But again Gore's timing couldn't be worse. Already every major Democratic presidential candidate has laid down his take on what President Bush and the U.S. should do with Iraq, and almost all of them, from Lieberman to Edwards to Gephardt (let's forget the milquetoast Daschle and peacenik Gov. Howard Dean of Vermont), have taken a more hawkish stand than Gore himself took earlier this year in a speech before the Council of Foreign Relations.
At that point Gore indicated that his approach to Iraq would be very different from Bush's, even though Bush's team had to lay out a clear plan to take out Saddam. Now that Bush has, Gore's problems have only multiplied. Not only will he have to clarify his own muddled record on Iraq going back to eight feckless years under Clinton-Gore. He'll also have to say something that the American people haven't already heard on at least four other occasions in the past two weeks. And he'll have to make those points better than Edwards and Lieberman, both of whom spoke more eloquently than Gore ever can.
This is where being his own man comes into it the equation. Whereas in the past few months Gore has been drafting speeches with his own, let's call it, "unique" take on issues, for the Commonwealth Club address Gore has been huddling with his old foreign policy guru Leon Fuerth, who served as his national security adviser in the White House.
The fact that Fuerth is apparently so involved would indicate that Gore, while generally being supportive of action against Iraq, will take Fuerth's position: that quick, unilateral action would be potentially difficult for the U.S., thus putting American lives in harm's way, and that the administration should instead use U.N. inspections and internal Iraqi political operatives to press the issue of a government overthrow.

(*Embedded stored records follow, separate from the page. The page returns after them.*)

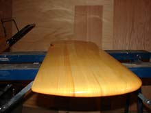 | A straightedge was placed perpendicular to the profile on occasion to make sure it maintained an even curve, like an airplane wing. I kept that line of thought as I faired both of them. It was messy but in the end, “wing like”. |
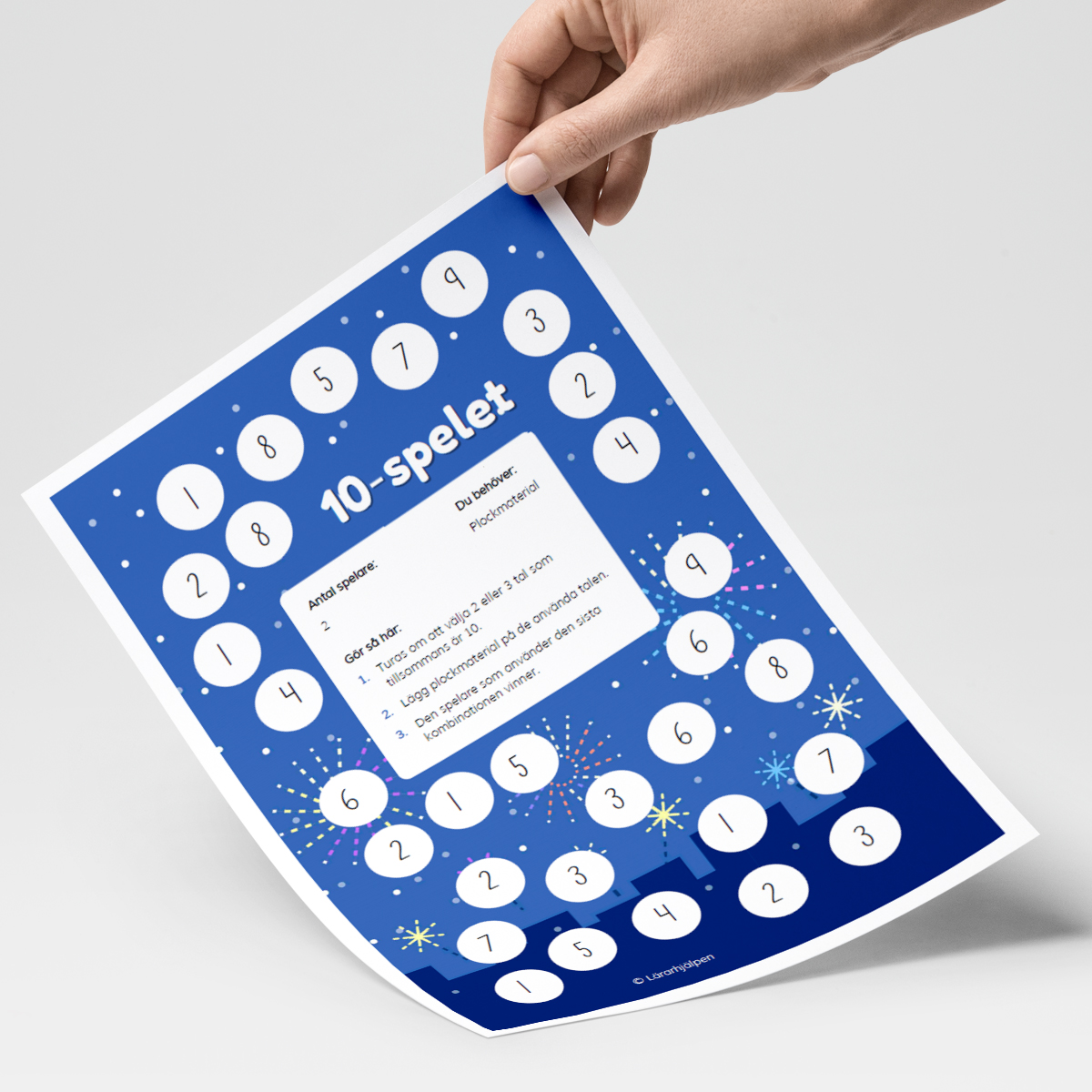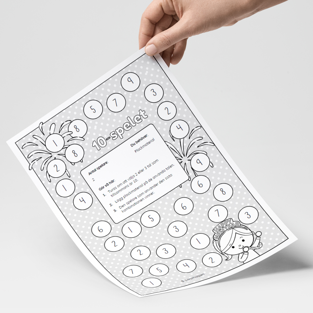Ett spel som tränar talområdet 0–10 med två och tre termer. Spelregler finns beskrivna i dokumentet. Inkluderar både en version i färg och en svartvit.
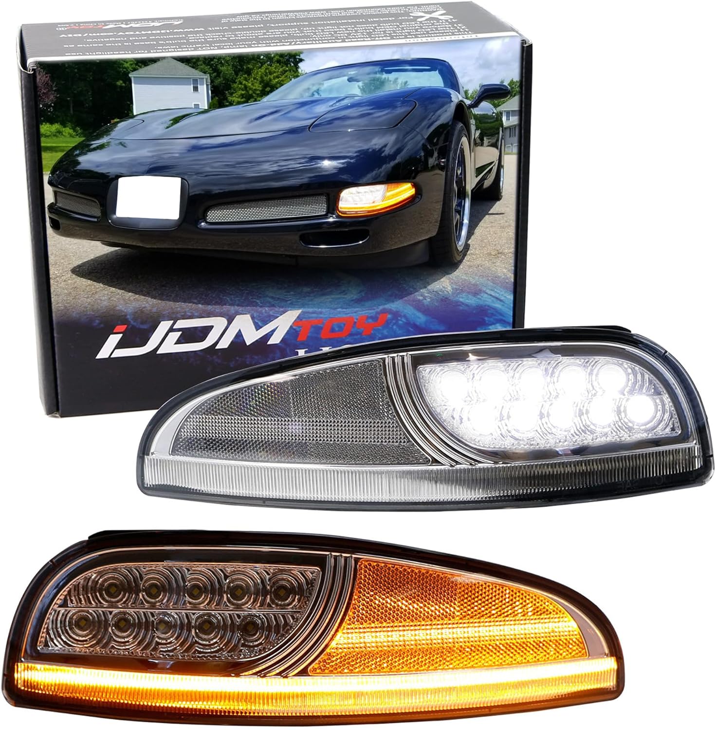 iJDMTOY Clear Lens LED DRL/Laser Sequential Front Turn Signal Light Assembly Compatible With 1997-2004 Chevrolet Corvette C5, Xenon White LED Parking/Driving & Full Amber LED Blinker

"He's in a real spot," says a former Gore adviser. "Most of his competitors in 2004 have already come out in, at the least, general support of the President's position. If he does simply that, he looks like a follower, not a leader. But I can't believe he'll stray so far into Fuerth's orbit that he looks like he doesn't support his country's position at all. He knows that his putting full faith in the U.N. won't wash with the American public."